One social networking site, Pinterest, allows its users to share photos of Do-It-Yourself crafts and the like.  These photos are then “pinned” by other Pinterest account holders to their personal virtual bulletin board for all to see and “re-pin.”  In February 2012, Business Insider featured an article about attorney Kirsten Kowalski who deleted her Pinterest account after digging into the site’s Terms of Use.  Shortly after Kowalski deleted her account, popular blogs including Above the Law and TechDirt commented on the issue, and this commotion surrounding social networking legal terms has yet to die down.  But as Above the Law writer Christopher Danzig points out, Pinterest is no different than most other social networking sites when it comes to legal terms.  “[T]he implications appear to be essentially the same,” he says, comparing Pinterest terms of use to those of Twitter and YouTube.

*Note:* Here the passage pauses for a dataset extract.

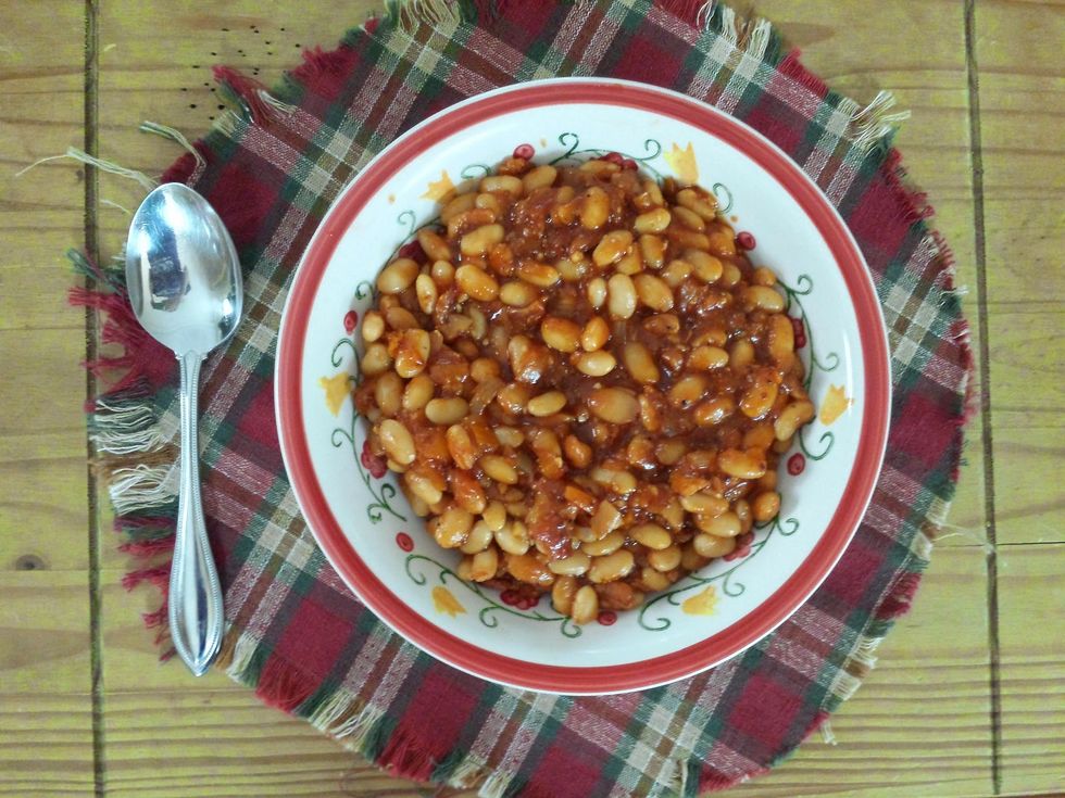 One of my favorite things to enjoy at summer meals is baked beans. I never dreamed of making my own until recently where I have become an avid label reader. While canned baked beans aren't necessarily bad for you, I have found that it is better and tastier to make your own! After several attempts to get that just right texture and flavor I have met with success! It's Northern beans(navy beans) meets a sweet, slightly spicy sauce with applewood smoked bacon, sauteed green pepper and ga

Emily Haas, an intellectual property attorney from Coats and Bennett, PLLC, agrees.  “It’s not an entirely different issue,” she said when asked about the legal implications of Pinterest.  She explained that generally, if an individual creates a piece of artwork, that person owns the art—although there are some exceptions, such as work made for hire.  When artwork is shared on the internet, an issue arises whether the owner has permitted that particular use of his or her work.  On websites such as Pinterest, where the general idea is to “pin” the work of others to virtual pin boards, the issue becomes even more prevalent.  This inherent risk in sharing others’ work coupled with legal disclaimers on many websites increases the need for user awareness of legal terms and the importance of understanding the conditions upon which users may be held liable for infringement.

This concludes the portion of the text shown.